Esto era muy común; los dioses de una civilización suelen convertirse en los demonios de sus vecinos. Pero ¿de dónde había surgido toda esa extraña mitología?

—¿Dónde estaba situado ese templo? —le pregunté.

—Junto a la falda de los montes Tektek, a una jornada a jaloque
[15]
de la ciudad de Urfa, y a una jornada a cauro
[16]
de Harrán.

—Me has sido de gran utilidad —dije—. Me ocuparé personalmente de que Roger te libere a ti y a tus capitanes.

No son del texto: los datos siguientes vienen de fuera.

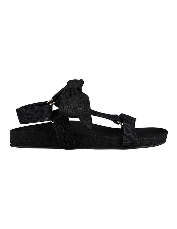 The Calum wedge: a dad sandal, but make it cute. Featuring a deep footbed with black organic linen straps, all wrapped up with a bow on top. Literally.
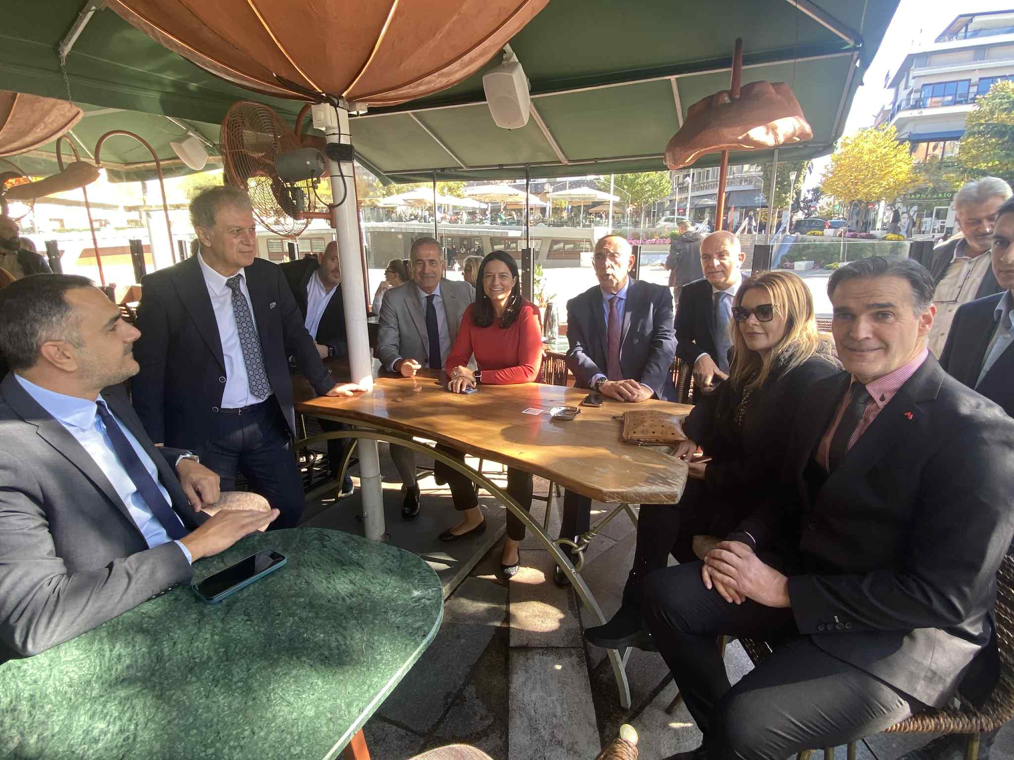 Στη συνέχεια πεζή επισκέφθηκε κεντρικό καφέ της πόλης της Κοζάνης, όπου ήπιε τον καφέ της, σε μια κίνηση που δεν συνηθίζεται τελευταία από Υπουργούς της κυβέρνησης σε ανάλογες επισκέψεις, με την παρουσία της Αστυνομίας πάντως να είναι εμφανώς αυξημένη.

Ricard no había cejado en su empeño de salvar al búlgaro, pero Roger aceptó perdonarle la vida sólo cuando le conté que Sausi era buen conocedor de la región a la que nos dirigíamos y que podría sernos de utilidad como guía.

Admirado por la nobleza demostrada por Ricard de Ca n', le pregunté más tarde por su lugar de origen, respondiéndome que había nacido en las
tierras altas
de los Pirineos, como gran parte de la almogavaría; y añadió con orgullo:

—Por mis venas corre la sangre del linaje del gran Carlomagno, y mi familia fue en tiempos poderosa en el Valle de Andorra, y combatió contra la casa de Foix al lado del obispo de Urgel, y fuimos desahuciados de nuestras tierras cuando yo era apenas un crío que casi no sabía sujetar una espada entre sus manos. No me quedó otra salida que la del campo de batalla; la almogavaría: los mejores soldados de fortuna al servicio de quien pueda pagar nuestro precio, que no es bajo. Pero ahora que con la caída de Acre la cruzada parece haber concluido y nuestro futuro es incierto, sin guerras ni tierras que conquistar, pronto no quedará un lugar en el mundo para guerreros como nosotros.